European lockdowns scared U.S. financial markets, but Nasdaq closes at new high


Wall Street is showing growing unease with the increase in the number of Covid-19 cases abroad and the potential economic toll of restrictive measures to avoid a public health calamity. As European countries struggle to contain a deadly fourth wave of the pandemic, market watchers in the United States have been forced to face the prospect of another winter in which the pandemic remains a key factor in shaping the trajectory. the country’s economic recovery.

Negative market sentiment was most apparent via the Dow Jones Industrial Average, which closed down 1.4%. The broad S&P 500 was roughly flat, closing with a loss of 0.14%. The outlier was the Nasdaq which at 16,057 hit another record due to its composition of dominant tech stocks that benefited from stay-at-home orders and a population reluctant to mingle with others in spaces. closed.

“The possibility of Covid being more severe and more enduring in terms of behavior and economics is reflected directly in the market today,” said George Ball, chairman of investment firm Sanders Morris Harris. “The possibility that there is another wave and another variant in the United States is now weighing on the markets. It is not something that people expected.

Austria said on Friday it would re-impose a nationwide lockdown to stem the spread of Covid-19, and Germany’s health minister said lockdowns could not be ruled out, just a day after the country’s leaders announced more restrictions on unvaccinated people.

“Germany is a big exporter, so it’s a concern if Germany goes into a blanket lockdown,” said Megan Horneman, director of portfolio strategy at Verdence Capital Advisors.

With vaccination rates too low to achieve herd immunity and a growing number of groundbreaking infections, the underlying fear is that the United States could also be on the cusp of another wave. “I think it’s a bit of a math for what’s to come. Winter is coming … and with that you have a congregation of people inside, ”said Johan Grahn, head of ETF strategy at AllianzIM. “I think this is just a prelude in Europe to what seems to be inevitable, and that’s what really shakes up the markets here.”

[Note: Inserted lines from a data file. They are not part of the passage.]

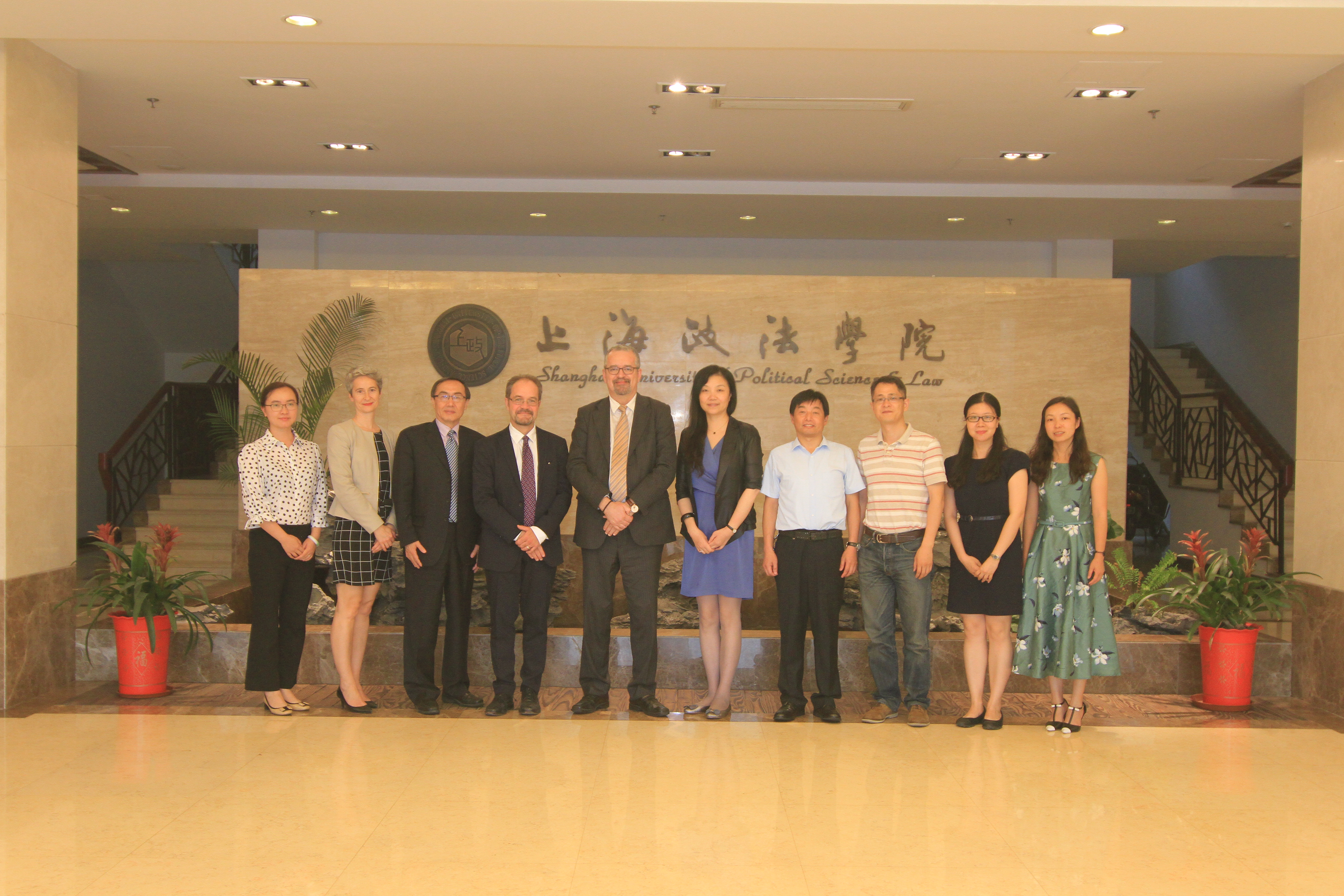 2016年6月15日,加拿大蒙特利尔大学副校长Guy Lefebvre教授、法学院院长Jean-François Gaudreault-Desbiens教授、副校长助理Catherine Agnes de Sainte Marie、中国项目负责人焦杰一行来我校进行交流访问。刘晓红校长会见了Guy Lefebvre教授一行,国际法学院党总支书记朱和平、上合培训基地建设办丁云宝博士、国际法学院张正怡博士、国际交流学院周怡、国际交流处王瑶等参加了会谈。
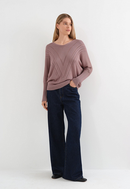 Классический джемпер кроя "летучая мышь" в изящном дизайне окутает комфортом и добавит образу женственности. Полуприлегающий крой со спущенной линией плеча адаптируется под разные типы фигуры и нивелирует нюансы. Воздушный трикотаж ажурной вязки уютно обволакивает, согревает и приятен к телу. Рекомендуем комбинировать с джинсами, брюками и юбками с гладкими спокойными фактурами.
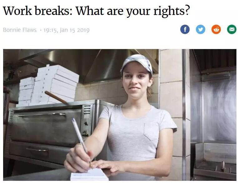 这份今年5月生效的法律规定,新西兰雇主必须向雇员提供工间休息。
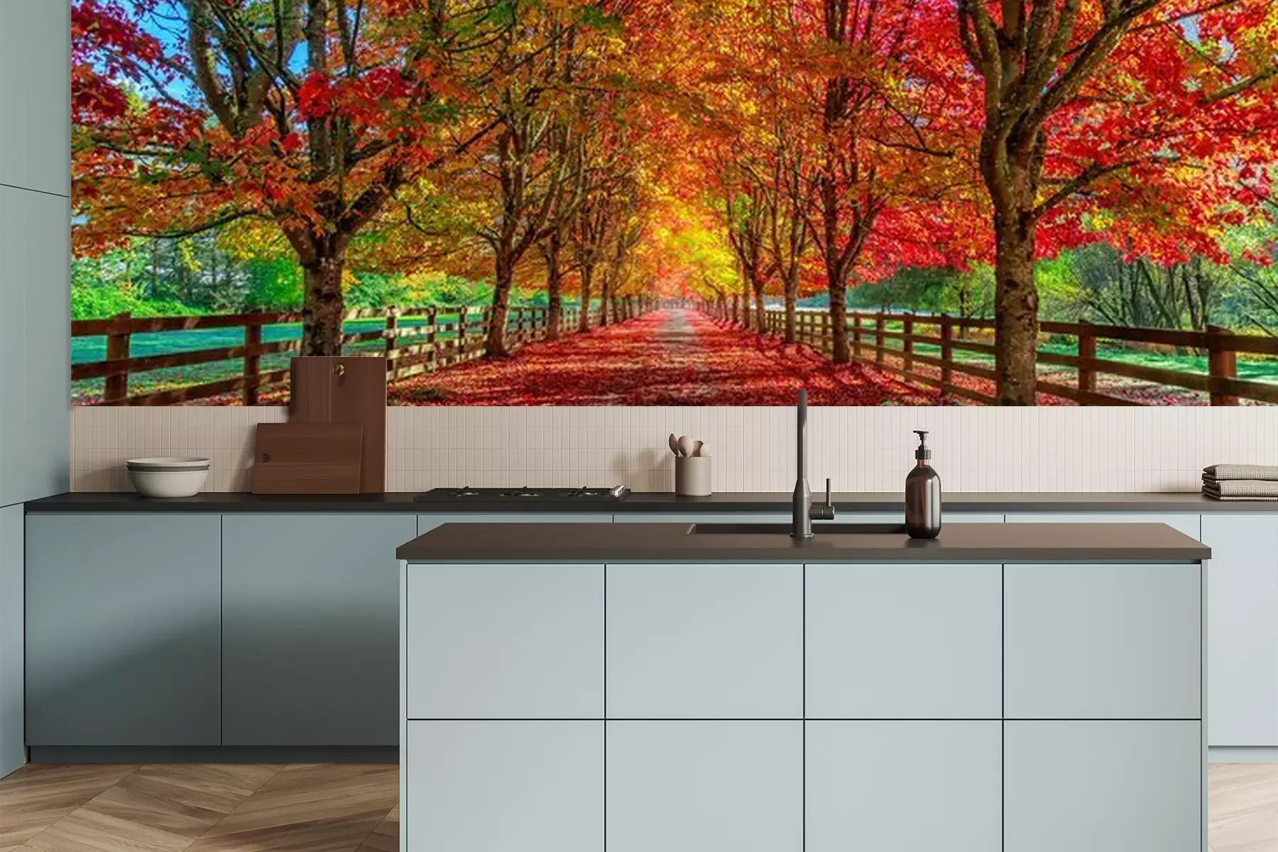 Het materiaal Premium is een glad vinyl op vlies, dat bestand is tegen uitrekken en vervorming. Het is dampdoorlatend – de muren kunnen vrij ademen – waardoor het geschikt is voor gebruik in de keuken en badkamer. Bij vervuiling kan het materiaal worden afgenomen met een vochtige doek. De maximale breedte van één baan bedraagt 95 of 105 cm, afhankelijk van de beschikbaarheid. Montage vindt plaats met de rand-aan-rand methode, wat een esthetisch resultaat zonder zichtbare naden oplevert. Omdat de lijm rechtstreeks op de muur wordt aangebracht, verloopt de installatie van het fotobehang snel en eenvoudig.
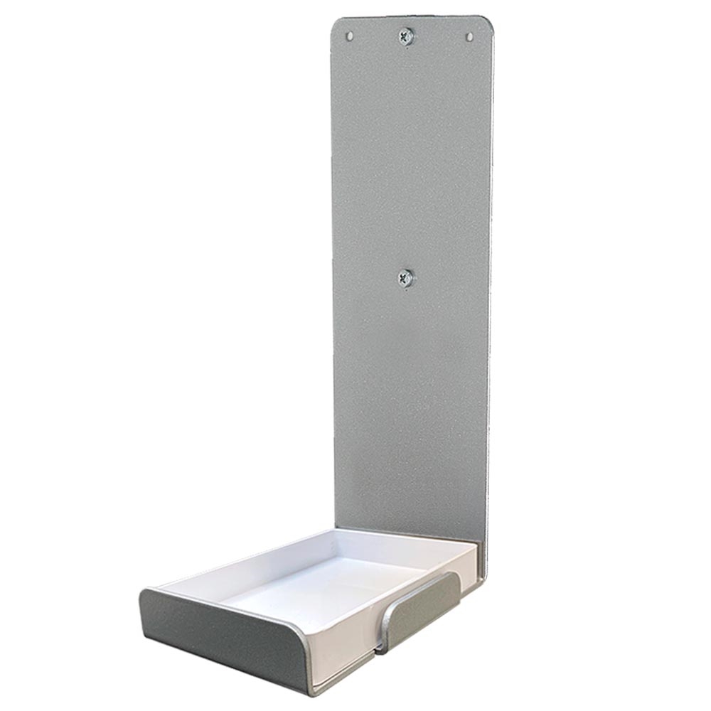 Denna hållare är en praktisk lösning för placering av din spritsdispenser. Den är tillverkad av hållbart stål, som är polyesterlackerad i en diskret grå färg. Designen inkluderar också en droppbricka, som är tillverkad i 2 mm vit akryl.

I think this is just a prelude in Europe to what seems to be inevitable, and that’s what is really rocking the markets here.

Uncertainty over who President Joe Biden will be leading the Federal Reserve for the next four years also hangs over Wall Street. The White House has signaled that the two main candidates are current Fed Chairman Jerome Powell and Fed Governor Lael Brainard, who are favored by some on the left for his views on regulation and the role central bank in shaping the financial system’s response to problems. like climate change.

Brainard is also seen as less likely to raise interest rates, which is the Fed’s biggest tool to curb soaring inflation. While the investment community in general tends to prefer a more accommodating stance on monetary policy, Horneman said this could be the exception to the rule in that a change of direction within the central bank la most powerful in the midst of a single event The global pandemic of the last century could introduce an unwanted degree of uncertainty.

“He’s shown he’s not necessarily a hawk per se … but he’s also a realist,” Horneman said. “There are inflationary pressures right now that need to be addressed, especially if we’re talking about additional government spending,” she said, referring to Biden’s $ 1.7 trillion social safety net program which has was adopted by the House of Representatives on Friday.

“The biggest thing that continues to be a question mark is the timing of rate hikes,” said Liz Young, head of investment strategy at SoFi. “It would upset the apple cart to have change.” The Fed has been behind much of the market movement over the past two years, ”she said, and is likely to remain heavily involved as a measure of inflation. – and the concern that it might not be “transient,” to use the Fed’s preferred term – remain high.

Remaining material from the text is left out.